The hexane soluble fraction (EA325H, 85 g) of Example 1 was subjected to silica gel column chromatography using an elution solvent (hexane:ethyl acetate mixed solvent concentration gradient 1:0 → 0:1). Silica gel 60, 230 to 400 mesh, Merck) was used to obtain 14 small fractions EA325H-34-9-F1 to F14. Among these small fractions, the 8th fraction separated from the first column, i.e., EA325H-34-9-F8 (1.10 g), was eluted with silica gel using an elution solvent (hexane:acetone mixed solvent concentration gradient 1:0→0:1). Column chromatography (silica gel column chromatography; silica gel 60, 230 to 400 mesh, Merck) was performed to produce small fractions EA325H-34-11-1 to 10 and EA325H-34-11-K8 (40) showing the following physical properties. mg) was obtained. This EA325H-34-11-K8 was identified as ³ ', ⁷ -dimethylquercetin (3,4',5- Trihydroxy-3`,7-dimethoxy-flavone; 3,4`,5-trihydroxi-3`,7-dimethoxy-flavone; hereinafter, “EA325H-34-11-K8” The structure was analyzed and its structure was confirmed by comparison with the literature, and it was confirmed that it was the first compound isolated and reported from plants of the genus Physalis (AK Umbetova, Sh. Zh. Esirkegenova, IM Chaudri, VB Omurkamzinova, and Zh. A. Abilov, FLAVONOIDS OF PLANTS FROM THE GENUS Tamarix , Chemistry of Natural Compounds , 2004, 40(3), 297-298.).

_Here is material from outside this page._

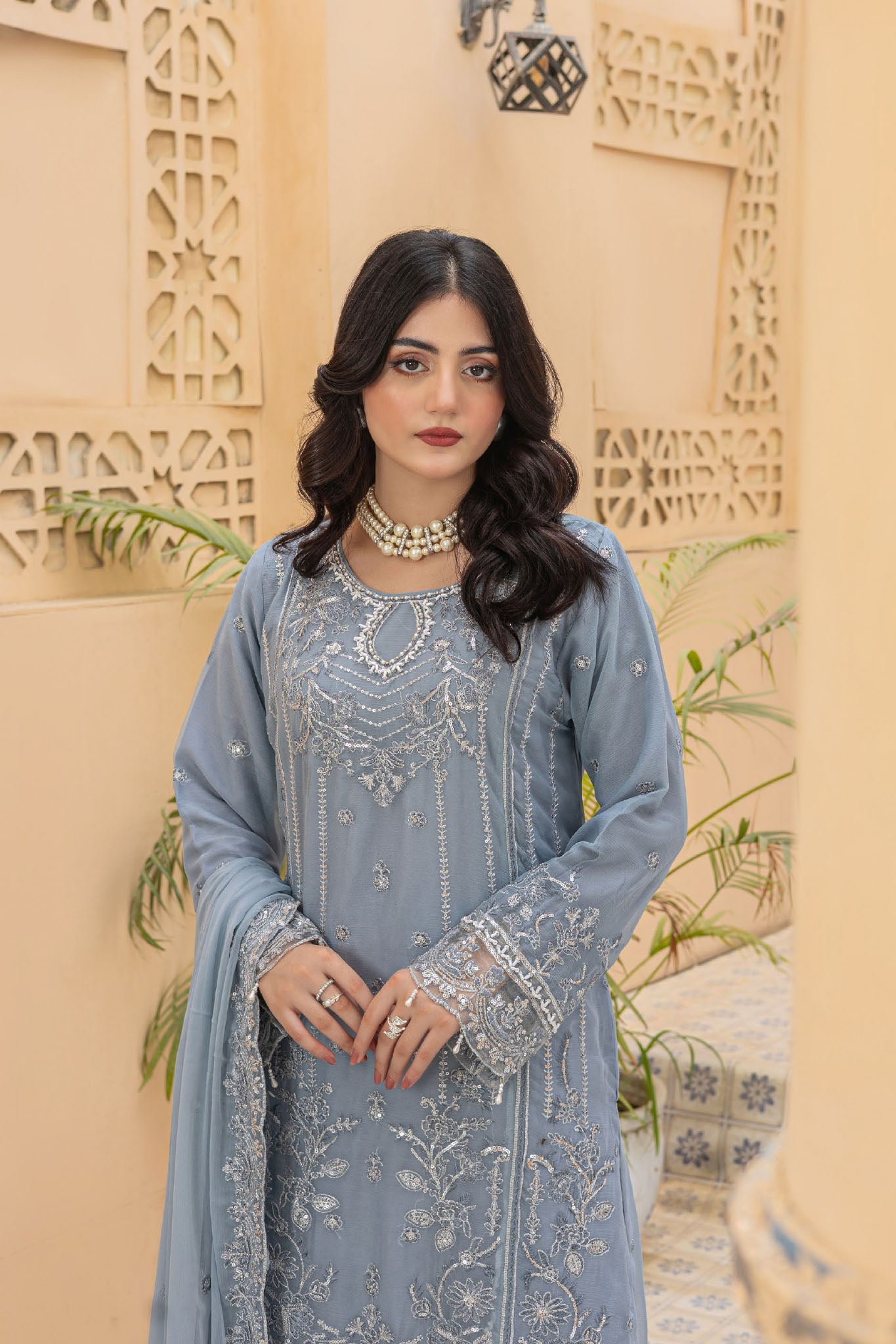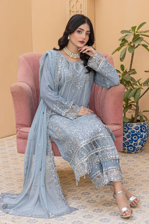 Maya By Azmeerah Stitched 3 Piece Hand Emb Chiffon Suit-05-Lumora

3',7-dimethylquercetin (EA325H-34-11-K8; 3',7-dimethylquercetin) (1)

Molecular formula: C ₁₇ H ₁₄ O ₇

Molecular Weight: 330

^1H NMR (200MHz, CDCl ₃ ) δ ppm: 12.13 (1H, s, OH), 7.92 (d, J = 2.0 Hz, H-2'), 7.85 (1H, dd, J = 8.8. 2.0 Hz, H -6'), 7.02 (1H, d, J = 2.0 Hz, H-5'), 6.72 (1H, d, J = 2.0 Hz, H-8), 6.33 (1H, d, J = 2.0 Hz, H -6), 3.94 (3H, s, OCH ₃ -3'), 3.93 (3H, s, OCH ₃ -7).

¹³ C NMR (50MHz, CDCl ₃ ) δ ppm: 176.8 (C-4), 166.8 (C-7), 162.0 (C-5), 157.8 (C-8a), 149.9 (C-4'), 148.4 ( C-3'), 147.3 (C-2), 137.1 (C-3), 123.6 (C-1'), 123.0 (C-6'), 116.2 (C-5'), 112.2 (C-2') ), 104.9 (C-4a), 98.5 (C-6), 92.9 (C-8), 56.5 (OCH ₃ -3', OCH ₃ -7).

2-2. Separation of physalin B (2) and isophisalin B (3)

The ethyl acetate fraction (EA325E, 17g) of Example 1 was subjected to silica gel column chromatography using an elution solvent (hexane-EtOAc=99:1 → 1:1). Fractions EA325H-34-9-F1 to F14 were obtained, and among these subfractions, EA325H-34-9-F8 (1.10 g) was subjected to silica gel column chromatography using an elution solvent (hexane-acetone=4:1). By conducting silica gel column chromatography, subfraction EA325H-34-11-1~10 and physalin B (2, 90 mg) and isophysalin B (3, 7 mg) showing the following physical properties were obtained, respectively. The structure was obtained and analyzed, and the structure was confirmed by comparison with the literature.

Physalin B (EA325E-34-6-K4; physalin B)(2)

Molecular formula: C ₂₉ H ₃₂ O _8C28 H ₃₀ O ₉

Molecular Weight: 509

Isophysalin B (EA325E-34-15-K4; isophysalin B)(3)

Molecular formula: C ₂₉ H ₃₂ O _8C28 H ₃₀ O ₉

Molecular Weight: 511

Reference Example 1. Preparation of experimental materials

Cell culture reagents such as cell culture medium RPMI-1640, Dulbecco's Modifide Eagle Medium (DMEM), 10% (v/v) fetal bovine serum (FBS), penicillin, and streptomycin are supplied by Welgene (LS202-02, S-001-04). , LM001-01, Korea), and the reagent Ezcytox was purchased from Daeilab (ez 3000, Korea). The rotary evaporator was purchased from (BUCHI, R-124, German), the freeze dryer was purchased from Iishin (FDU-2200, Korea), TRIzol ^TM was purchased from GIBCO BRL (MD, USA), and the ELISA reader was purchased from Anthos ( Multiread 400, Austia), spectrophotometer from GE healthcare Life sciences (Ultraspec 2100 pro, Sweden), Primeacript Rtase from TaKaRa (Shiga, Japan), and PTC-100 Programmable Thermal Controller ^TM from GE healthcare Life sciences (Ultraspec 2100 pro, Sweden). MJ Research was purchased from Waltham (MA, USA), and ImageMaster TotalLab ^™ was purchased from Amersham Biosceinces (Piscataway, NJ).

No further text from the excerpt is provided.